Line by line, return the listing exactly, without any of the images.

• Information shown
+-------+
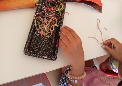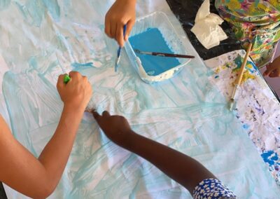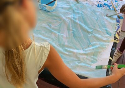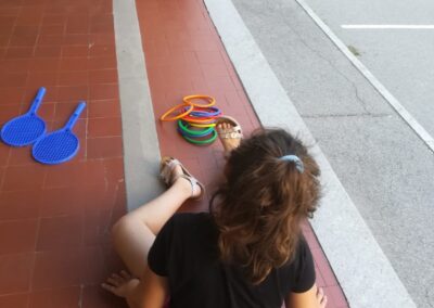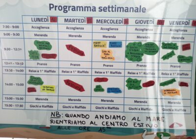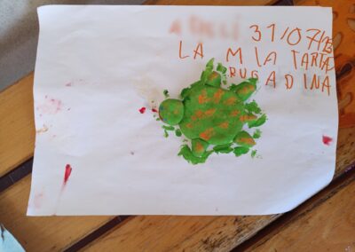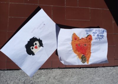Poi si colora un po’ come lavoro preparatorio del paesaggio di cartapesta, un po’ dipingiamo le creazioni di pasta di sale. Giochiamo a Uno, facciamo i braccialetti, giochiamo a calcio, e infine al pomeriggio ascoltando un po’di musica trascriviamo su un foglio grande la nostra canzone… Mercoledì potremo così appenderla per impararla meglio.
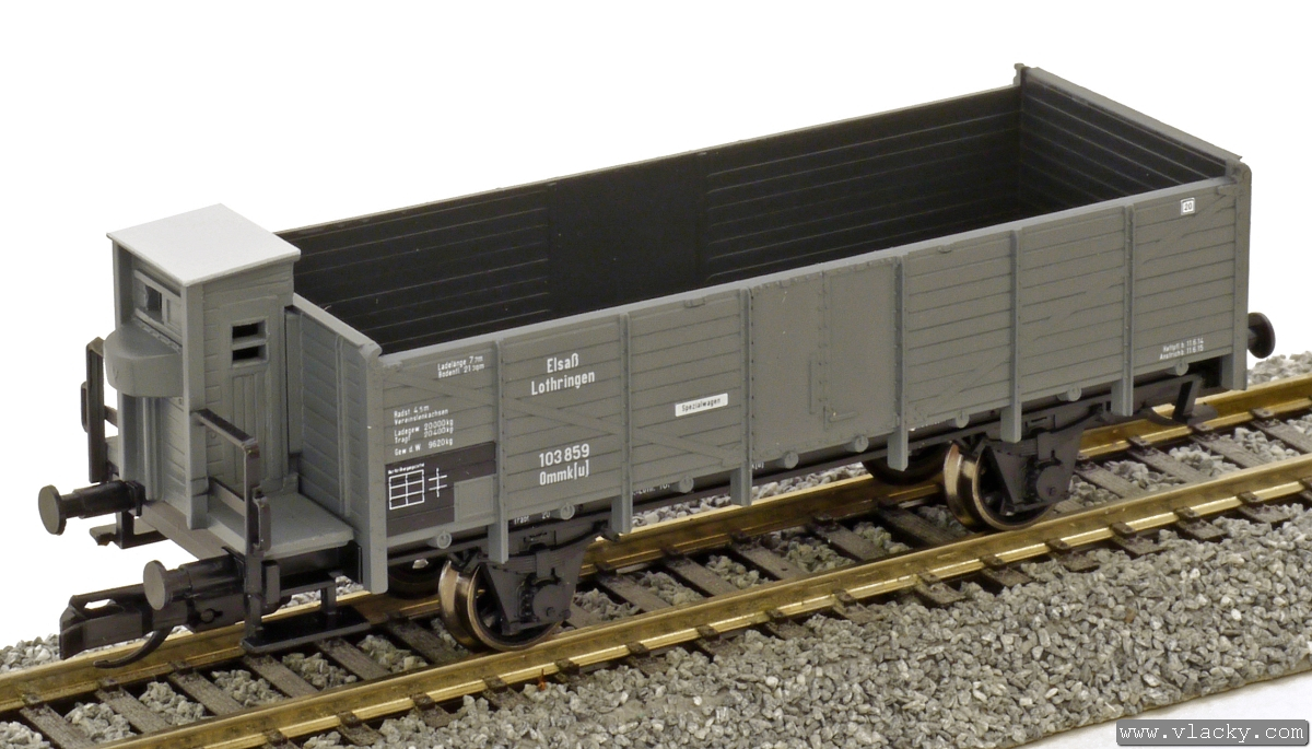 otevřený vůz šedý s loukoťovými koly a s brzdařskou budkou
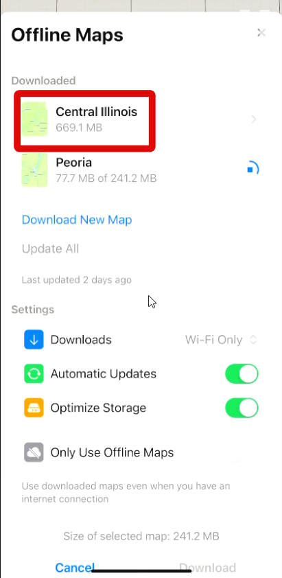17.Valittu kartta ladataan nyt iPhonellesi. Tämä voi kestää jonkin aikaa, riippuen verkon nopeudesta ja käytettävissä olevasta kaistanleveydestä.
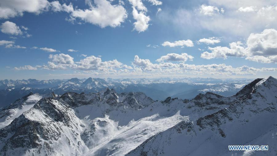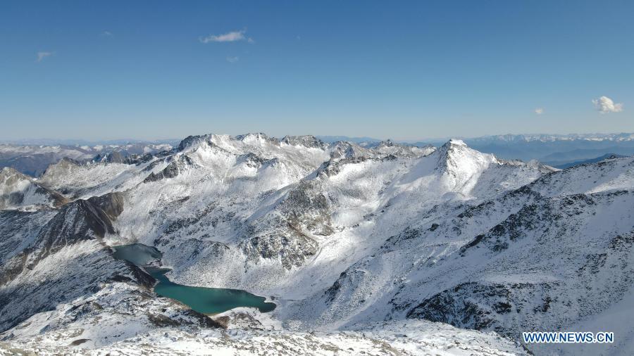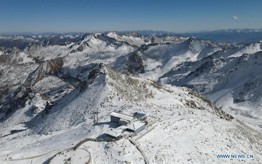 Aerial photo taken on Nov. 14, 2020 shows a view of the Dagu glacier scenic spot in Heishui County of Aba Tibetan and Qiang Autonomous Prefecture, southwest China's Sichuan Province. (Xinhua/Xu Bingjie)
+-------+
• Answer
Poi si colora un po’ come lavoro preparatorio del paesaggio di cartapesta, un po’ dipingiamo le creazioni di pasta di sale. Giochiamo a Uno, facciamo i braccialetti, giochiamo a calcio, e infine al pomeriggio ascoltando un po’di musica trascriviamo su un foglio grande la nostra canzone… Mercoledì potremo così appenderla per impararla meglio.
 otevřený vůz šedý s loukoťovými koly a s brzdařskou budkou
17.Valittu kartta ladataan nyt iPhonellesi. Tämä voi kestää jonkin aikaa, riippuen verkon nopeudesta ja käytettävissä olevasta kaistanleveydestä.
 Aerial photo taken on Nov. 14, 2020 shows a view of the Dagu glacier scenic spot in Heishui County of Aba Tibetan and Qiang Autonomous Prefecture, southwest China's Sichuan Province. (Xinhua/Xu Bingjie)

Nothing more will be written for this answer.